Freeze Drying Blog
Freeze Drying vs. Traditional Taffy Production
Freeze Dried Laffy Taffy
Freeze Dried Salt Water Taffy
Table of Contents
In confectionary, as in so many things, there's an age-old tangle between heritage and the new, and the latest chapter in that fight is between candy makers and a new technology – freeze drying. Welcome to the world of candy. What are the textures, flavours and practices of freeze-dried candy that differentiate it from ‘traditionally made' candy? Let's explore. So read on if you're a candy fan, or if you're a future-candymaker, or if you're just hungry.
The Art of Taffy Making
Let us first consider how taffy is made in the conventional manner. Taffy is a soft, chewy, stretchy (and usually sticky) confection. It is made by boiling sugar, corn syrup, butter and flavourings into a sticky mass, like a liquid ball of sugar. The confection, this blob, is pulled and stretched until it becomes aerated into taffy. The taffy is chopped into bite-sized chunks before wrapping the chunks into wax paper – or that into big blocks with which one cuts cuds as the new-moulded sheet hardens into slabs.
Freeze Drying: A Modern Twist
This produced a new type of taffy-inspired candy. The most popular versions were a puff on the surface created by a process called freeze drying, in which an object is placed in a chamber that is super-cooled, and the water trapped inside it is removed by sublimation. Once stripped, the substance is left with a highly porous, airy structure. Applied to candy, the texture of the resulting product bears little resemblance to taffy.
Texture Tussle: Freeze Dried vs. Traditional Taffy
Freeze-Dried Candies
Freeze-dried candies come out of a treatment with lightness, and crispness, and airy texture The sugariness and flavour of your taffy dissolve into your saliva as you chew: the treat simply melts in your mouth until it's nothing, making a seemingly quiet way out of the world. Freeze-dried candies snap: their myriad textures – ice-like, light-like, crisp-like, soft-like – match unexpectedly with their myriad flavours.
Traditional Taffy
On the other hand, old-school taffy is pliable and bouncy; it's a little work to penetrate the chewy layers, and the pay-off is in the elongated chew and the way it stretches around your teeth. Classic taffy has year-round utility. It's groovy.
Taste Sensation
From the point of view of flavour, the difference between our two processes – air-drying and freeze-drying – is negligible. Once that is decided, if you like the taste of the freeze-dried candy, then you're happy. At this point, you can slacken your crossed lips and tongue, and lick your own lips again. If you like the quick mouth-burst experience, then either the air- or the freeze-dried moonrocks will give it to you. If you like the slow-release experience, then you'll have to go for taffy, the slow-chew version of the rock.
Candy Manufacturers' Dilemma
But candymakers using much-older-fashioned taffy might feel more like throwbacks to an earlier, slower era than those candymakers who use freeze-dried candies can reasonably consider themselves modern and forward-looking. And for many any candy company, hanging onto their base of old-fashioned tastes means stretching far beyond those tastes to satisfy a range of ever-changing and even more fickle yen.
The Verdict
For me, the choice is really not hard: it depends on which of the two candies is the treat. It's a battle that will never end. There are no winners. On one basket sits a bag of freeze-dried candies, whose dry, airy snap I might find appealing, while the traditional taffy might be someone else's favourite. However, if you have a preference, here's what we're sure of: it's from the realm of candy that is inventive, where our sweet tooth's predilections are increasingly less constrained by tradition.
FAQs
1. As a bit of karmic compensation, surely freeze-dried candies are healthier for an old man than taffy because they contain less moisture.

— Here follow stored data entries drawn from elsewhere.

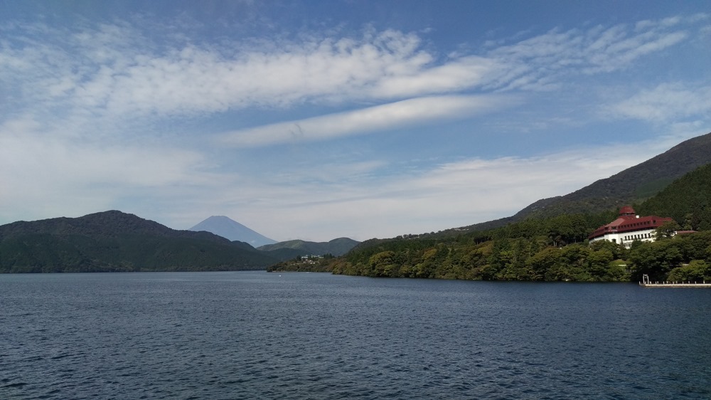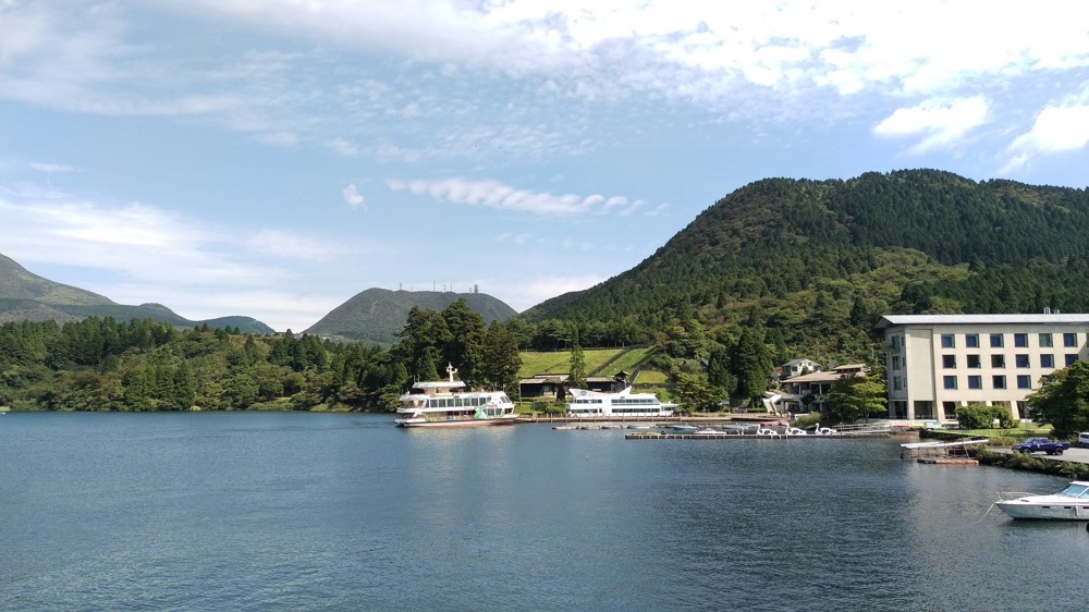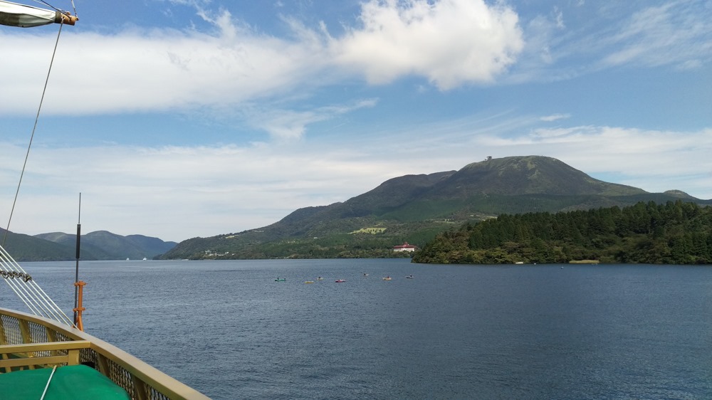 這次我們住宿的飯店是位於蘆之湖畔的王子飯店,飯店內無論在房間、早餐與服務,都相當貼心,在旅館一樓還有露天溫泉,也可直接走到湖畔欣賞蘆之湖與富士山美景。一早用完餐泡完溫泉後,隨即前往蘆之湖的渡船頭,搭乘海盜船遊湖,這據說是觀光客的經典行程,對於第二次來日本的我當然也要好好扮演觀光客角色。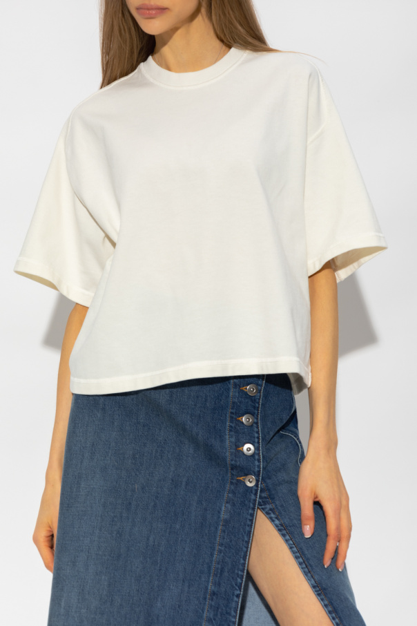 Cream crewneck T-shirt from Bottega Veneta. Made of cotton, this style features a relaxed fit, short sleeves and an elasticated collar.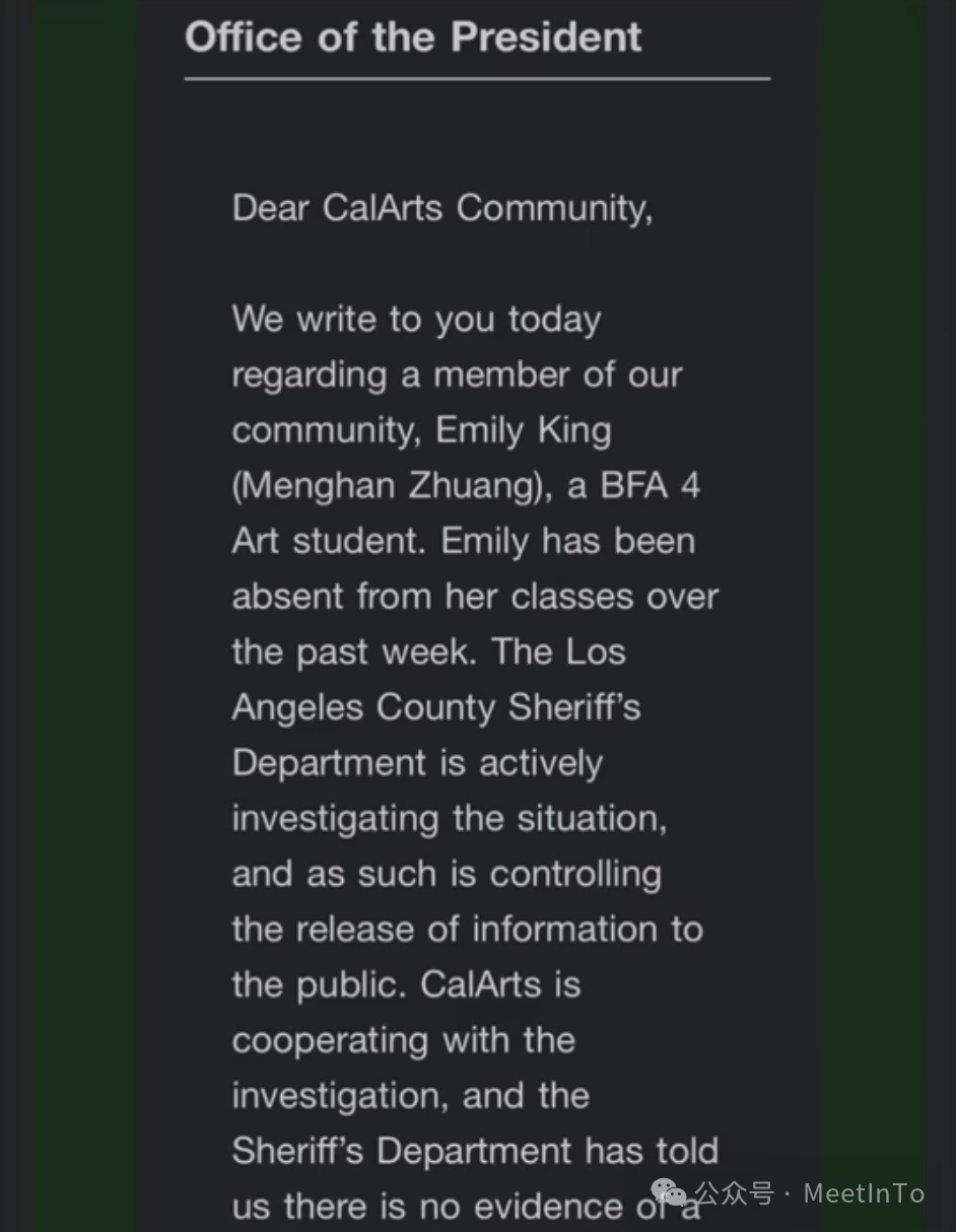 令人痛心的是,没想到,随后学校就发布通知确认庄孟寒在校外被发现遇害,死因是他杀,案件正在警方调查中,庄孟寒的家人已赶到美国。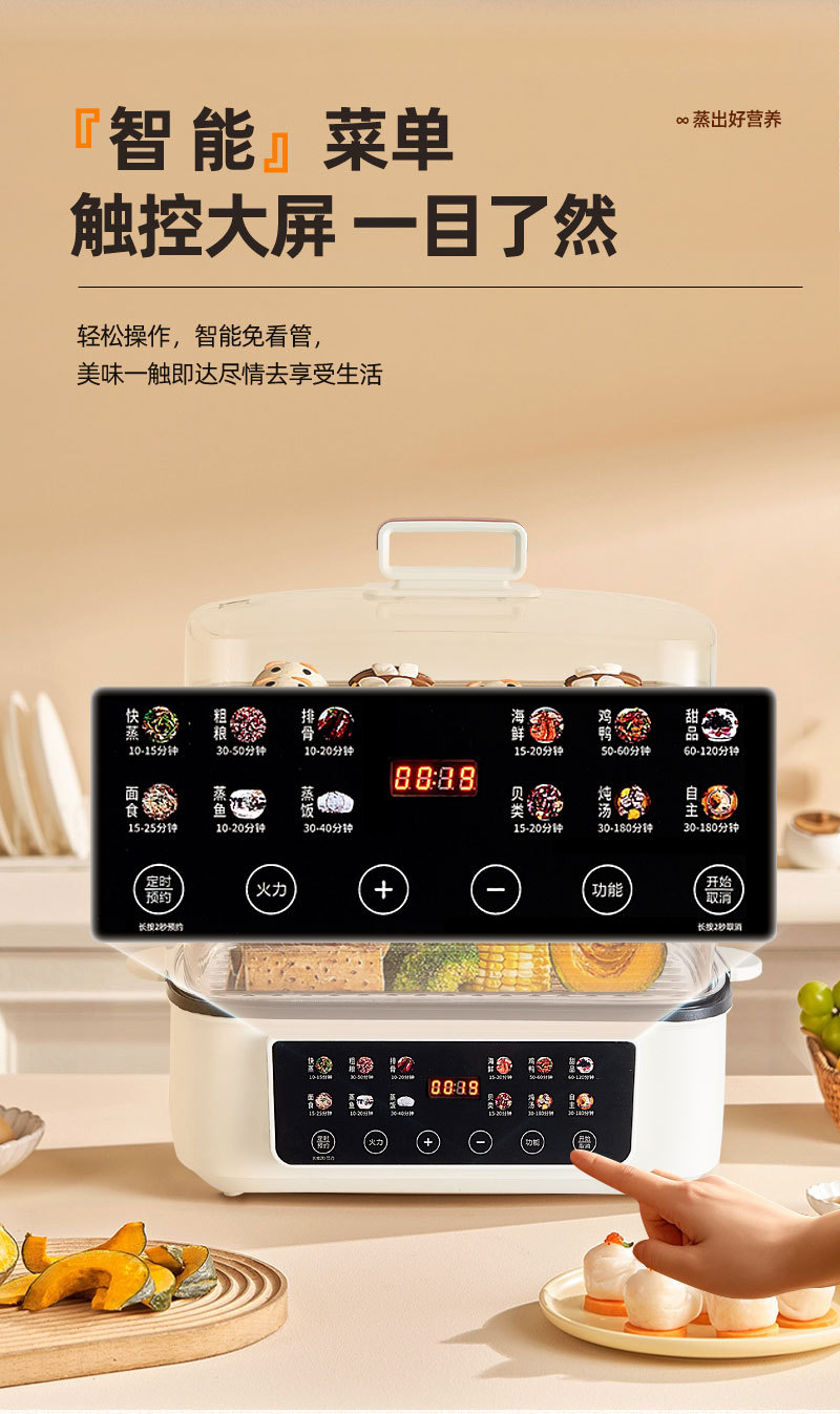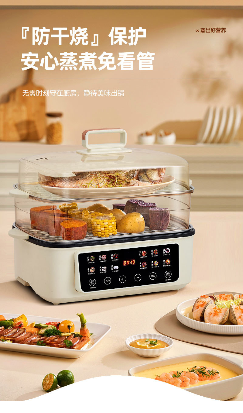 电蒸锅家用一体过功能自动断电早餐机智能三层多层可视蒸格大容量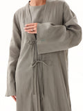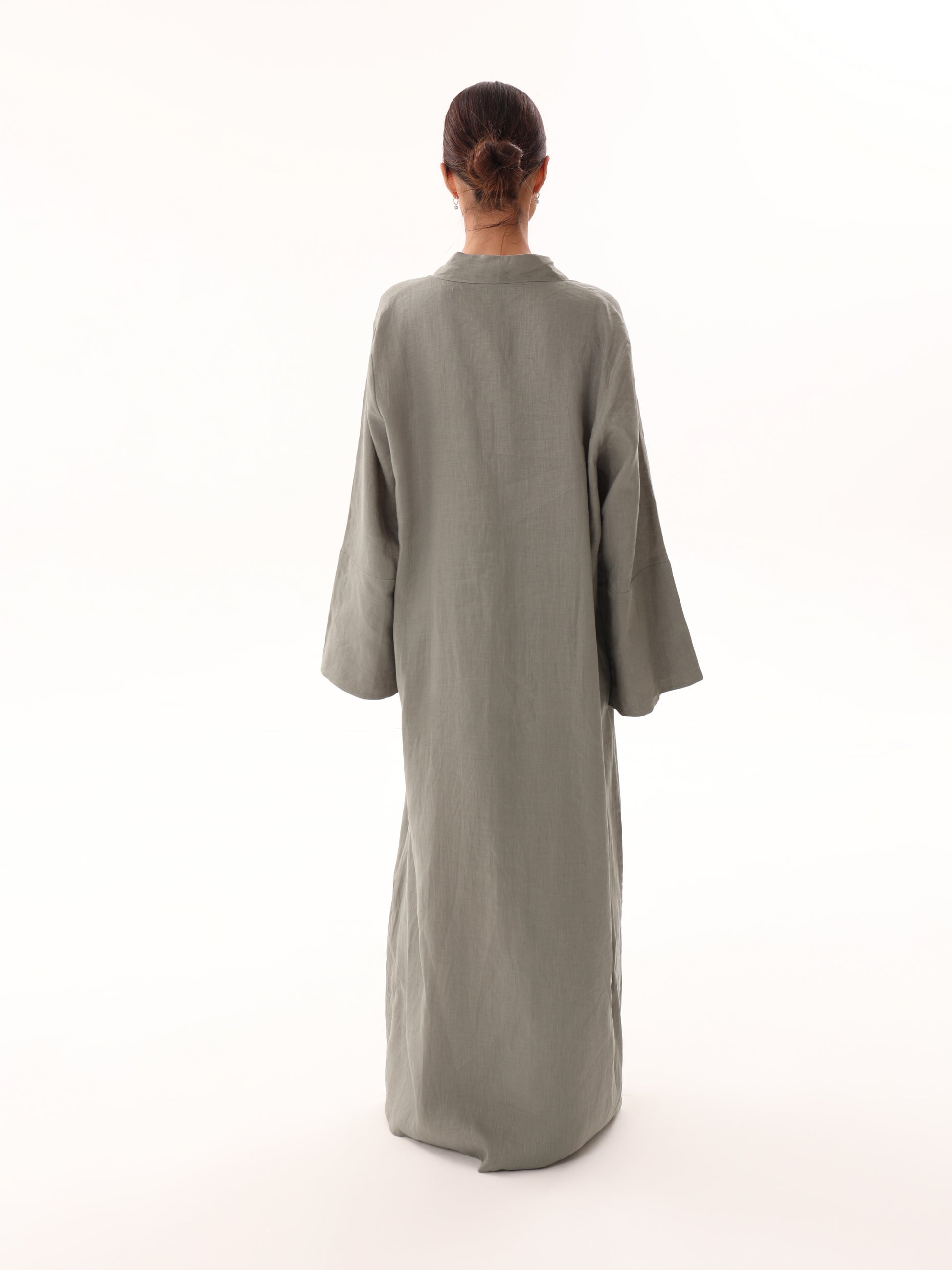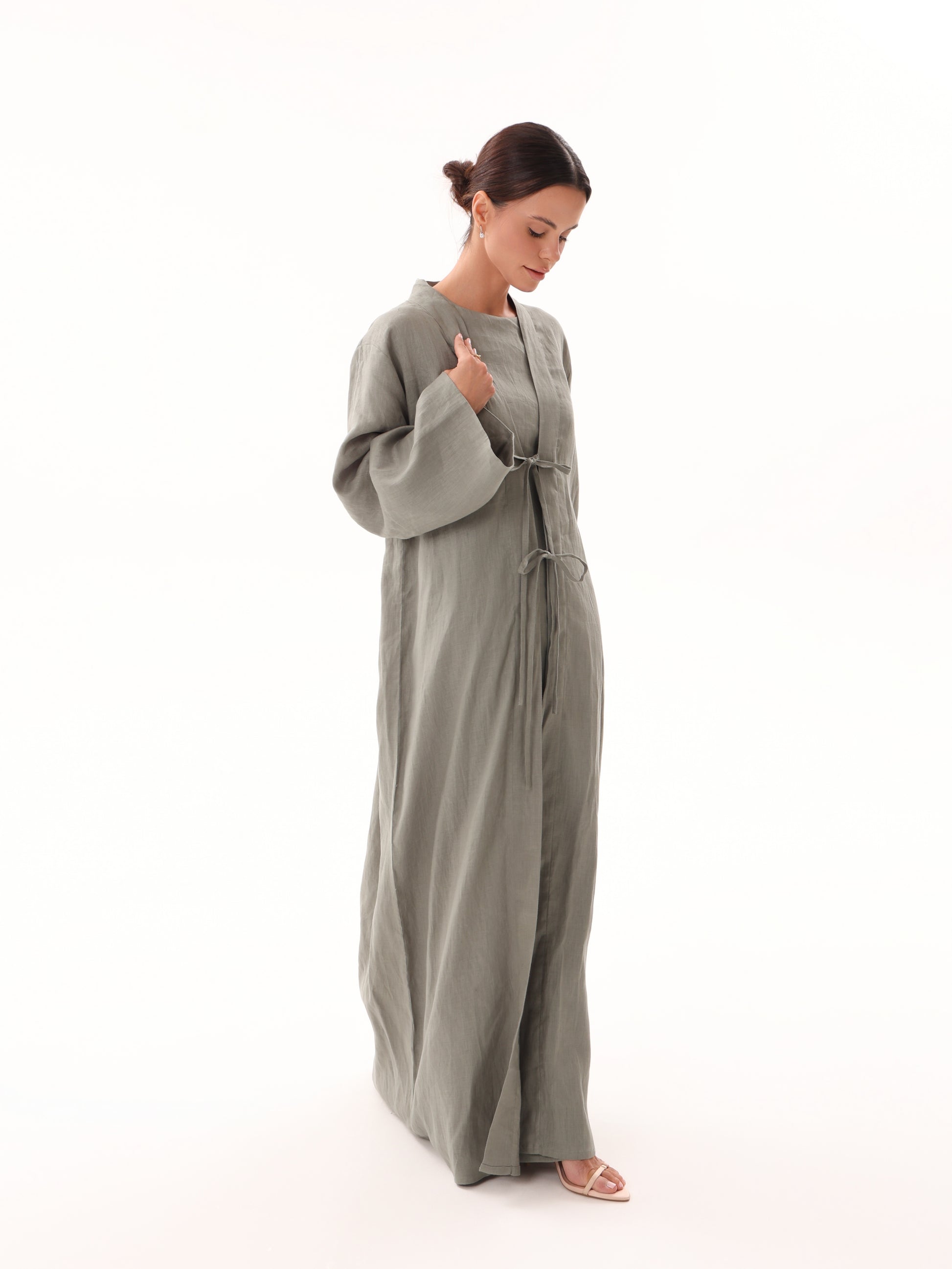 Elevate your summer wardrobe with our effortlessly elegant Abaya, crafted from 100% pure linen for ultimate breathability and comfort. Designed with a relaxed silhouette and charming bow-tie closures at the front, this piece transitions seamlessly from casual daytime wear to a polished evening look. Coordinates beautifully with our matching linen tops and trousers. Build multiple chic outfits from a single wardrobe.

Some people believed that freeze-dried candies are more healthier than regular taffy because freeze dried candies aren't as moist as regular taffy. However, while freeze dried candy might have a lower percentage of water, both candy's main ingredient are still pieces of sugar, and adults or even children must know how to eat them in moderation.
2.Its a matter of tissue water if freeze-dried candies taste better longer than taffy?
Yes, they last longer and remained favourite due to the low moisture.
3. Is there a home technique for producing freeze-dried candies?
It might be possible to make them at home, but it certainly requires special equipment; in that respect, it seems quite a bit more involved than the kinds of sweets you make by hand in a normal kitchen – say, taffy.
4. Will eating something through a straw irritate any food allergy?
Nothing could be farther from the truth. Like taffy, candies are not usually allergen-free. Some freeze-dried candies contain nuts, dairy or gluten. Check the packaging.
5. Will freeze-dried candies and taffy freeze out each other in recipes?
Not so. Combine the two in a recipe, and you might just come up with a whole new way to make a dessert: a textural and flavourful mash-up that knocks the socks off your dinner guests.